2.25      The action body would have to comply with any requirements determined by the minister's legislative instrument.[19] The Explanatory Memorandum provides a useful exploration of what this might entail:

The legislative instrument may specify requirements as to the manner of consultation and matters to be deal with through consultation. It may, for example, require the action body to hold one or more face‑to‑face meeting[s] with native title claimants or body corporate[s] who have requested consultation, provide translators during consultation, or address issues of the design, location and nature of the proposed act. The Commonwealth Minister will be able to refine these requirements in light of the experiences of action bodies and native title parties over time and having regard to differing projects and community circumstances.[20]

2.26      In the second reading speech, the Attorney‑General told the parliament:

The new process strikes a balance between the urgent need to engage meaningfully with native title parties and protect native title rights and interests. It also contains important safeguards to ensure genuine consultation with native title parties. It sets in place a framework for meaningful engagement with key stakeholders in decisions about housing and other services for Indigenous communities.[21]

2.27      The Bill would also require the action body to provide the minister with a written report on the things done in compliance with notice and consultation requirements for each proposed future act. The report would have to comply with any requirements determined, by legislative instrument, by the minister. Again, the Explanatory Memorandum indicates the potential breadth of any such instrument:

The instrument may, for example, require the report to cover information as to whether or not a claimant or body corporate requested to be consulted, and whether or not comments were received by the action body in relation to the act.  It may also outline the steps taken by the action body to consult with native title parties about the proposed act, for example whether a meeting was held with claimants and bodies corporate.[22]

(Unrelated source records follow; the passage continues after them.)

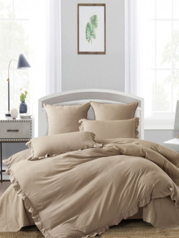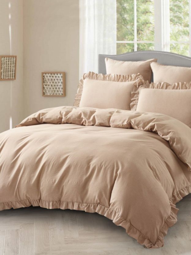 Комплект постельного белья Karteks VJ02 — это выбор для тех, кто ищет, какое постельное бельё лучше купить для евро-кровати или подарка. Варёный хлопок — современный тренд: он приятен на ощупь, не скатывается после стирки и сохраняет форму даже при частом использовании. Однотонный бежевый цвет гармонирует с любым интерьером, а отсутствие принтов делает комплект универсальным решением для спальни, гостевой комнаты или загородного дома.
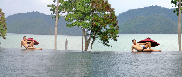 레스토랑은 복층 구조로 해변에서 가장 안쪽은 실내, 그리고 실외, 마지막으로 사진속의 보이는 건물 바다와 가장 가까운곳이 풀바이다..
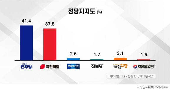 정당지지도, 민주당 41.4%, 국민의힘 37.8%
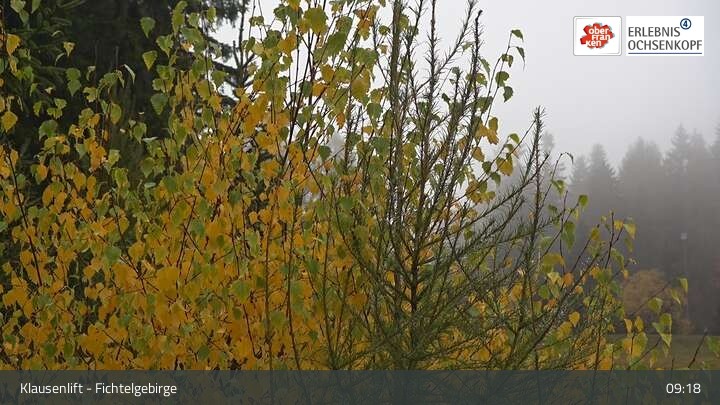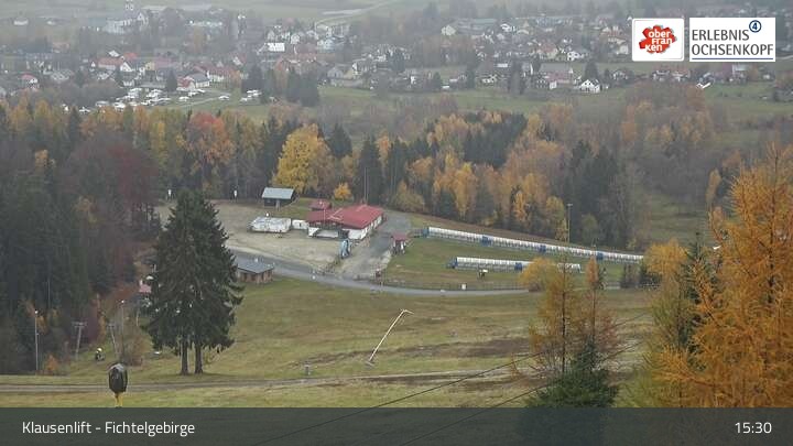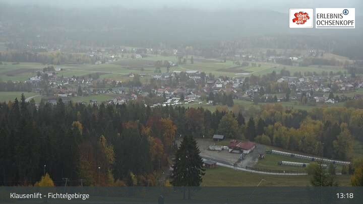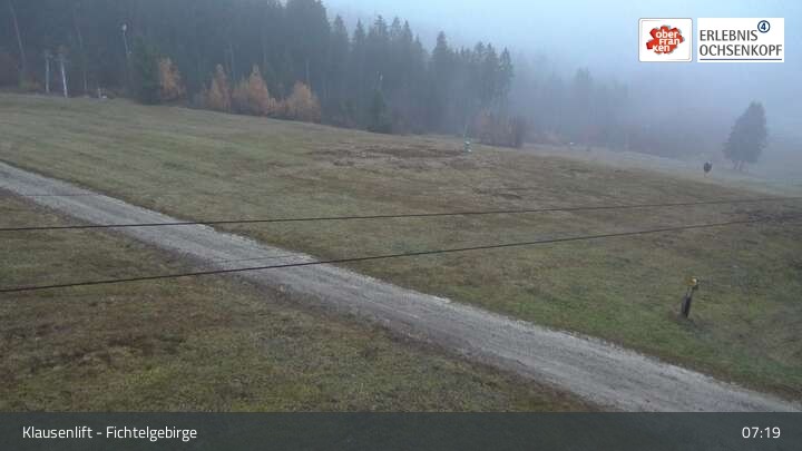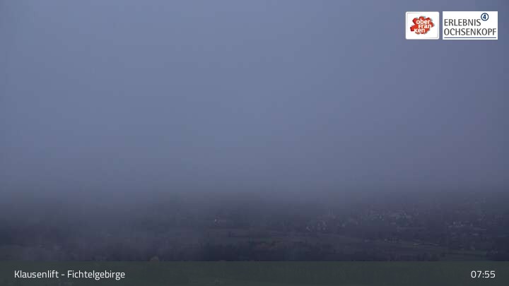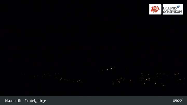 The webcam is located at the Klausen lifts in the Fichtelgebirge and looks over Mehlmeisel to Schneeberg and Ochsenkopf.
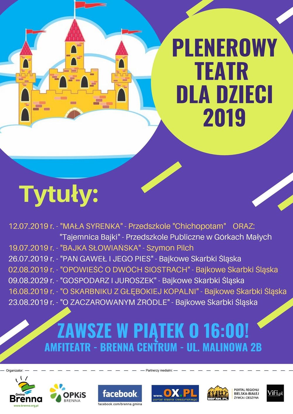 Plenerowy Teatr dla Dzieci 2019 otwiera niesamowicie zdolna i zaangażowana, pełna magicznych pomysłów grupa artystów - rodziców dzieci z przedszkola Chichopotam w Górkach Wielkich. Tym razem zaprezentują się w historii Małej Syrenki Ariel, opierając swów spektakl o bajkę opowiedzianą przez Walta Disneya. Dodatkową atrakcją tego dnia będzie występ drugiej grupy artystów - z Przedszkola Publicznego w Górkach Wielkich z bajką pod tytyłem Tajenica Bajki.
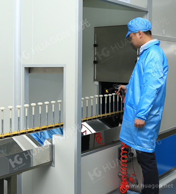 1.上料-手動靜電除塵-素材預熱-自動靜電除塵-自動噴涂-烘烤-冷卻-下料(拆分成三條一涂一烤線) 2.上料-手動除塵-素材預熱-自動除塵-自動噴底-烘烤-自動噴普通面-冷卻-下料(合并成兩涂兩烤) 3.上料-手動除塵-素材預熱-自動除塵-自動噴底-烘烤-自動噴中漆-烘烤-自動噴面-冷卻-下料(合并成三涂三烤) 4.上料-手動靜電除塵-素材預熱-自動靜電除塵-自動噴-IR-UV光固化-冷卻-下料(單獨面漆)
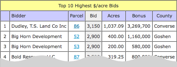 Following the graph are two tables displaying the Top 10 Highest $/acre Bids and Bonus Amounts. Clicking on the parcel number will display detailed parcel information. If more than one lease has identical bids, the parcel with the highest bonus is listed first.
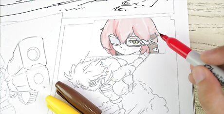 Add detail and ink your characters, leaving space for the speech bubbles. Once you’ve got the layout finished and you’ve sketched what’s happening in each panel, start adding details. Use your pencil or tablet to sketch out more visual information and erase or remove guide lines before inking your characters in black ink lines. Add your textures, facial features, and key details to give your images some definition. Add detail to all of your panels in chronological order if you want a consistent drawing style. If you aren’t worried about it though, you can certainly ink and color your panels individually.
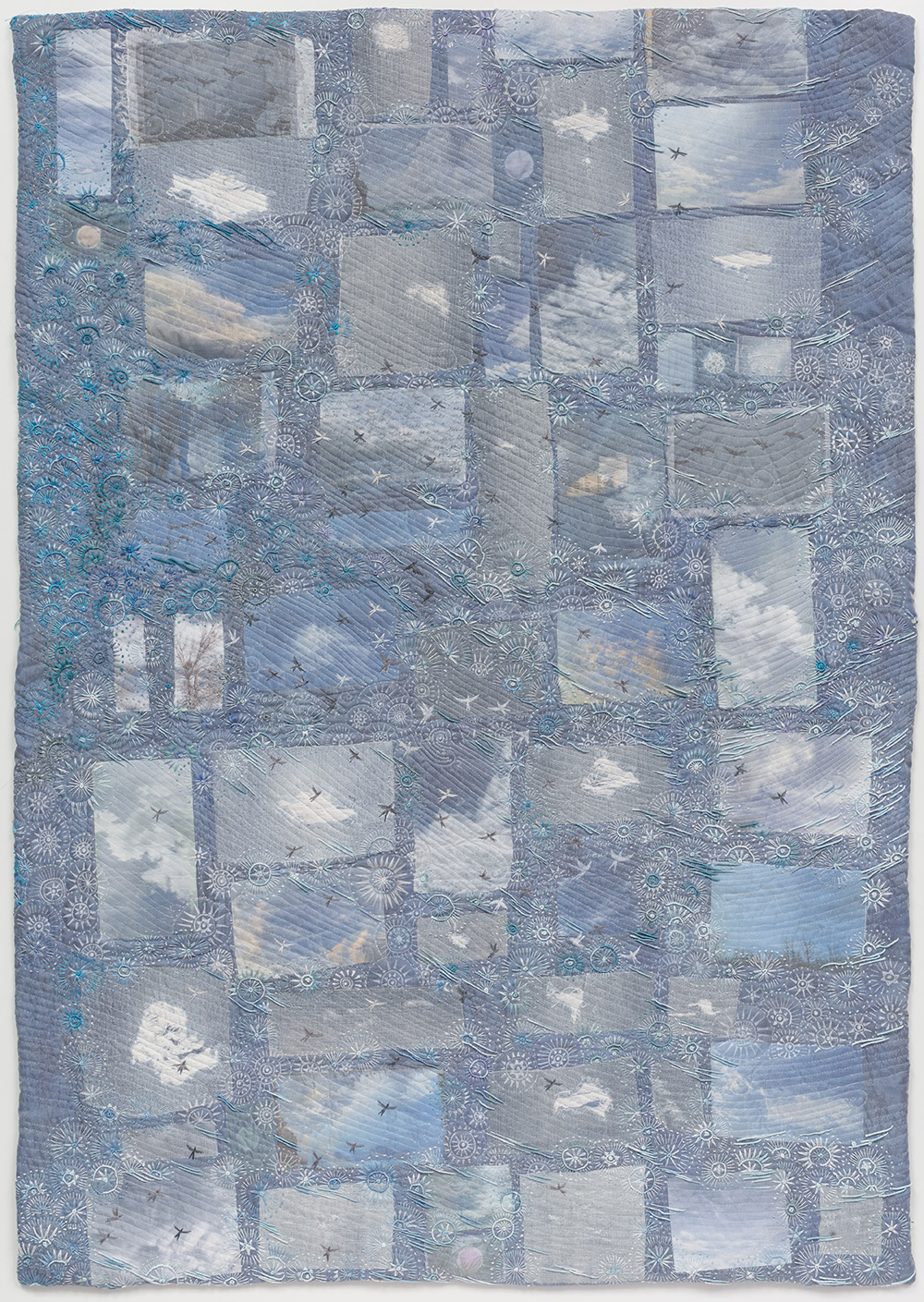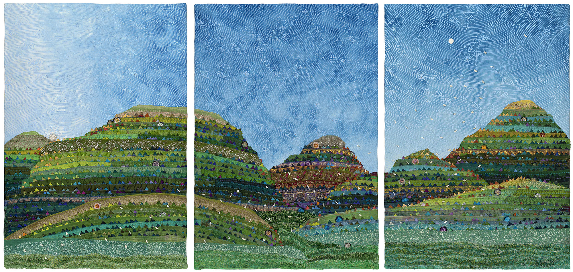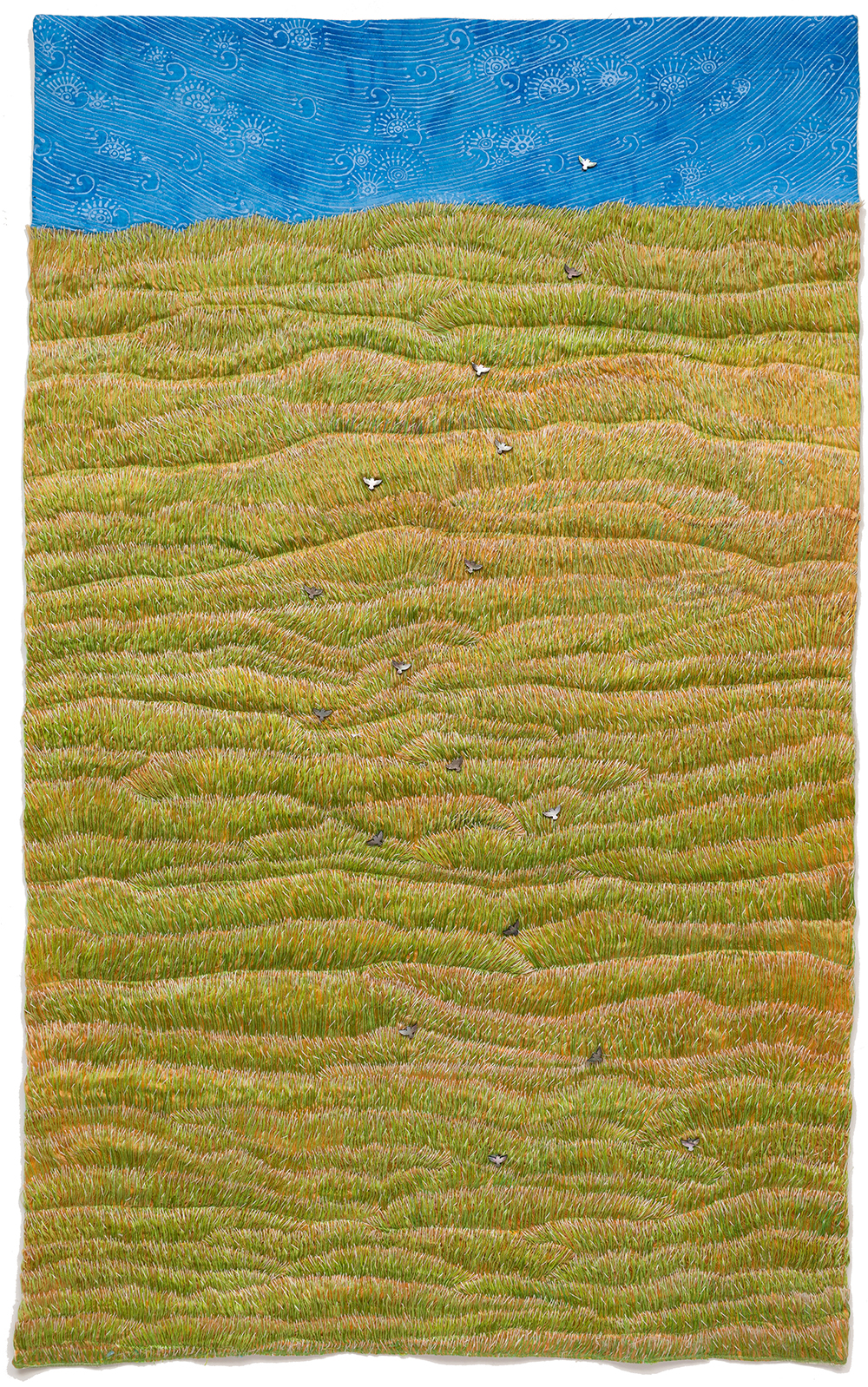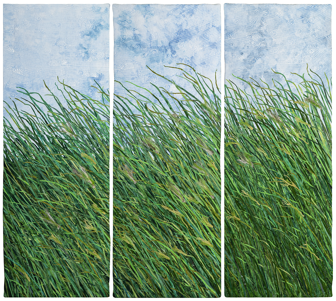 In the immersive installation Of Meadows and Blue Skies, Melody envelopes us in a natural landscape of her own artistic imagination. A meadow, she observes, is a place to catch one’s breath. With these art quilts, she surrounds us with big skies and tall grasses that offer us a place to stretch and embrace the quiet. She treats us to “the music of the wind in the grasses, the changing cloudscape, the way the light shines on the dandelion puffs in the early morning.” The overall effect is “a feeling of limitless time” outside of the hustle-bustle of the everyday.
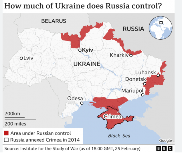 Ky terren i favorshëm ishte pika e nisjes për Rusinë në vitin 2014, pas aneksimit të Krimesë. Milicitë pro-ruse, të mbështetura nga Moska, morën shpejt kontrollin e Donetskut dhe Luhanskut, duke krijuar enklava separatiste që kanë qenë në luftë me forcat ukrainase për gati tetë vjet, duke lënë pas 14,000 të vdekur.

2.28       There would be no requirement for the minister to publish the report.[23]

2.29      The remaining provisions proposed in item 3 of the Bill relate to procedural requirements concerning multiple action bodies, multiple future acts and definitions of consultation period and registered native title rights and interests.[24]

2.30      The definition of consultation period provides for consultation to have occurred two months after the notification day if no requests for consultation are received in the required time. If one or more claimants or bodies corporate have requested to be consulted about the future act, the period ends four months later, or at such earlier time as each party notifies in writing that it has been consulted (but not earlier than two months).

2.31      According to the Attorney‑General's Department and FaHCSIA in their joint submission:

This time‑frame compares favourably with the existing 'right to negotiate', which allows a minimum of six months for parties to negotiate and reach agreement on a broad range of matters including royalty‑like payments, and with the time periods under which extensive housing related community engagement has been conducted under the Strategic Indigenous Housing and Infrastructure Program.[25]

Just terms compensation for acquisition of property

2.32      Item 8 of the Bill would provide for just terms compensation for any acquisition of property that might result from enactment of the Bill. The item states that if the operation of the Act would result in an acquisition of property (to which section 51(xxxi) of the Constitution applies) from a person otherwise than on just terms, the Commonwealth is liable to pay a reasonable amount of compensation to the person. If the amount of compensation is not agreed, the person may institute proceedings in a court of competent jurisdiction for a determination of reasonable compensation.[26]

2.33      Throughout the inquiry, submissions and witnesses raised concerns in relation to some key provisions of the Bill. Chapter 3 discusses these concerns.